I feel it is better to be over-cautious and safe than not. I know it may be unlikely that some nutter will take a fancy to me (or conversely want to harm me), but it's better to be safe than sorry.

Impartiality and integrity

Second, impartiality and personal integrity. I don't have the luxury of being a self-employed independent consultant answerable to no one but myself - I have to have a day job. I don't work in technology, although obviously I have a very keen interest in it, have taught myself a lot and have made a few geek friends. However my employer (not a technology company) has some customers who are in technology (I may be being over-cautious here again, as many companies are bound to have some mega corporations as customers, whether it's for supplies of stationery or indeed advertising services), and of course they might be customers of some technology companies (e.g. it's a rare business that doesn't buy and use Microsoft Office).

But my personal life is personal and my opinions are my own, and I don't wish to feel inhibited about expressing them if there is a chance they might be attributed to my employer or anyone else associated with me (obviously if my real name is not shown online, that minimises the risk of someone ringing up my employer to tell me to shut up or else they won't buy or sell to them! Although I like to think that when I am critical, it is constructively so).

If I genuinely think a Web service or product needs improvement, I want to be able to be say so without worrying about whether that might reflect on my employer, or more importantly, whether my employer (possibly being even more over-cautious than I am) thinks there's a vague chance it might reflect badly on my employer. And contrariwise there is absolutely no way I am going to praise some product I don't like just because the company is a customer of my employer, and I don't want to be in a position where I might feel under pressure to do so. Anonymity as regards the world at large again minimises that risk.

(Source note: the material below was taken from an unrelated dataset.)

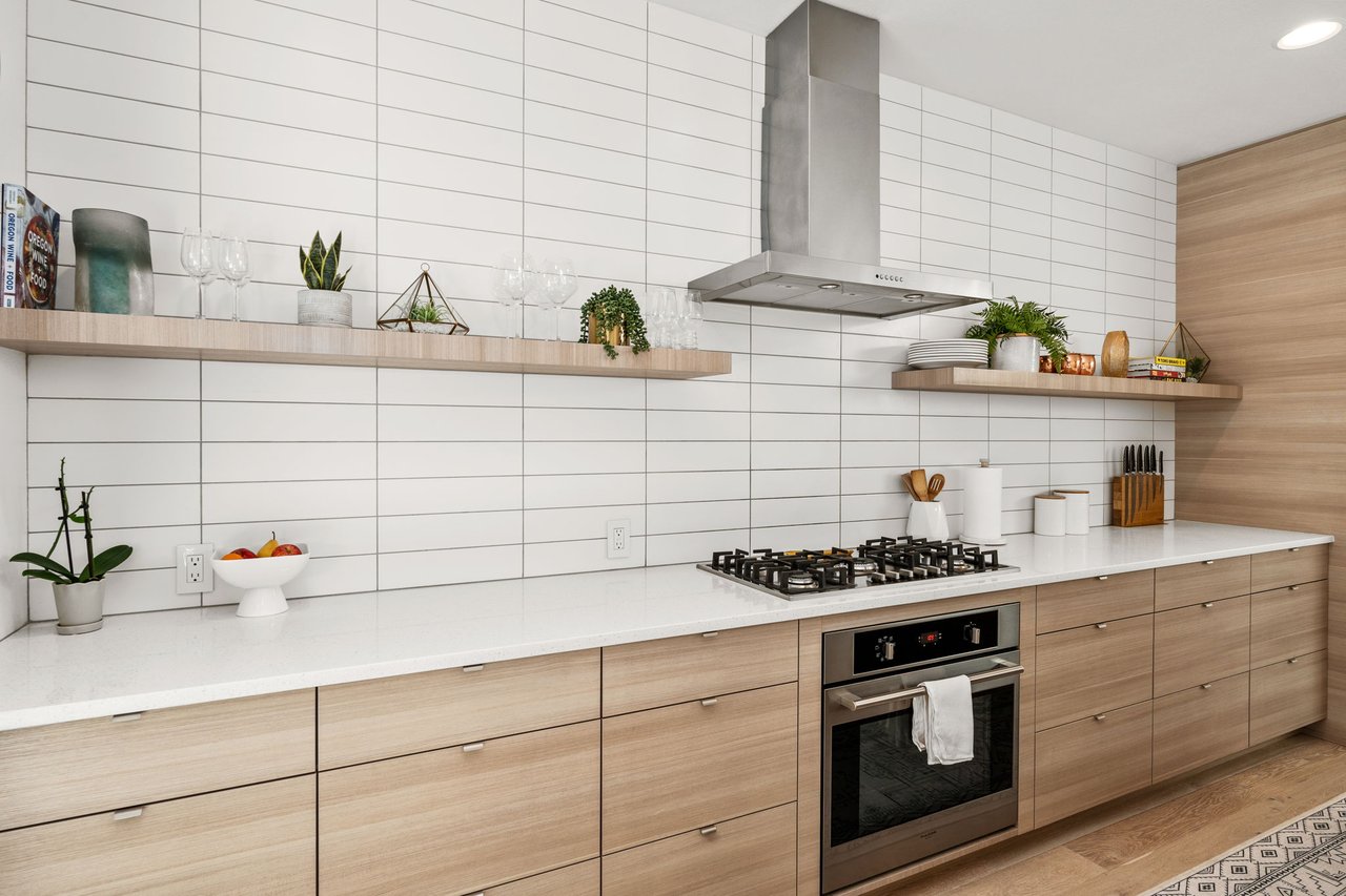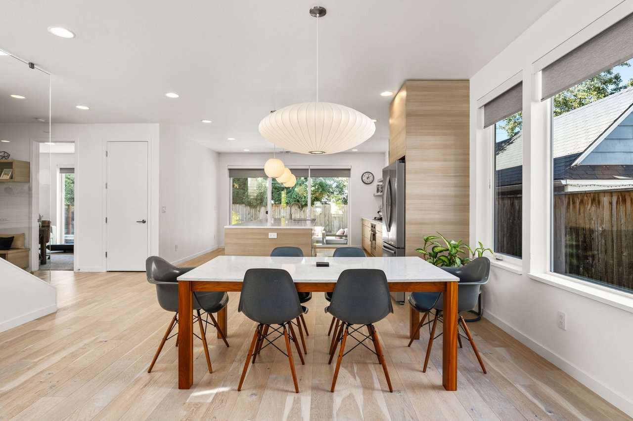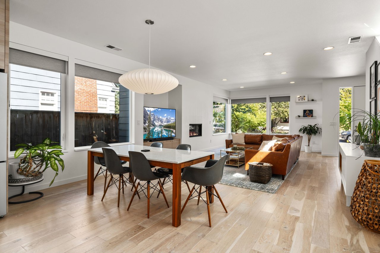 This sophisticated modern residence in Arbor Lodge is defined by exceptional attention to detail and designer-selected finishes. A thoughtfully designed open floor plan showcases white oak engineered hardwood flooring, Norman shades, and Herman Miller lighting, setting a refined tone throughout the space. The living room offers a gas fireplace and a built-in TV niche, flowing seamlessly into a dining area and a gourmet kitchen that exceeds expectations. Equipped with premium stainless steel appliances, including a Fulgor Milano 5-burner cooktop, the kitchen features quartz countertops, a ceiling-to-counter tile backsplash, an expansive 5-seat island with storage, and a walk-in pantry. Oversized sliding doors invite natural light and open to a covered patio, creating an effortless indoor-outdoor connection.

As I don't work in technology I don't have any particular allegiances and my only "competitors" are other bloggers and Websites. I approach things very much from a user's and blogger's viewpoint, because that is what I primarily am. My only allegiances are to good, usable, accessible products and services, and to honest, clear writing which I hope others will find thought-provoking and useful.

UPDATE: for possible reasons why it may be a good thing to blog under your real name whatever your antics, or indeed to be found out, see this post. All the same though, it's very unlikely most of us would be offered a book deal. So, cautious type that I am, if others want to lead the charge to out themselves and their pecadilloes on their blogs, so much so that it all becomes commonplace and ignored, all power to them - but I won't be doing so!

4 comments:

Sensual Sophia said...

Imagine what my employer and friends and family members would say if I ever reveal my true identity! I love writing about my various intimate encounters, and anonymity is a necessity for my own safety!

Teri said...

Great post. I wonder now if this is why I didn't get the job...I realized after I started bloggin under my real name, that my blogs would become part of my resume.

This is something I will have to factor in as I approach my next employer. For me, it's too late to go back. Of course, I could finally take my husband's name (which I will not ever blog about!)

Improbulus said...

Sensual Sophia - quite, that's another good reason to stay anonymous!

Teri - thanks for your comment. It's hard to know what influences potential employers but as you know I think it's best not to give them any ammunition by blogging under your real name. I agree, why not take your husband's name for your next job app and don't let on in your blog what it is!

Anonymous said...

Just make sure that your provider is located offshore and guarantees you anonymity.

There are many "semi" anonymous provider out there which are located in the US.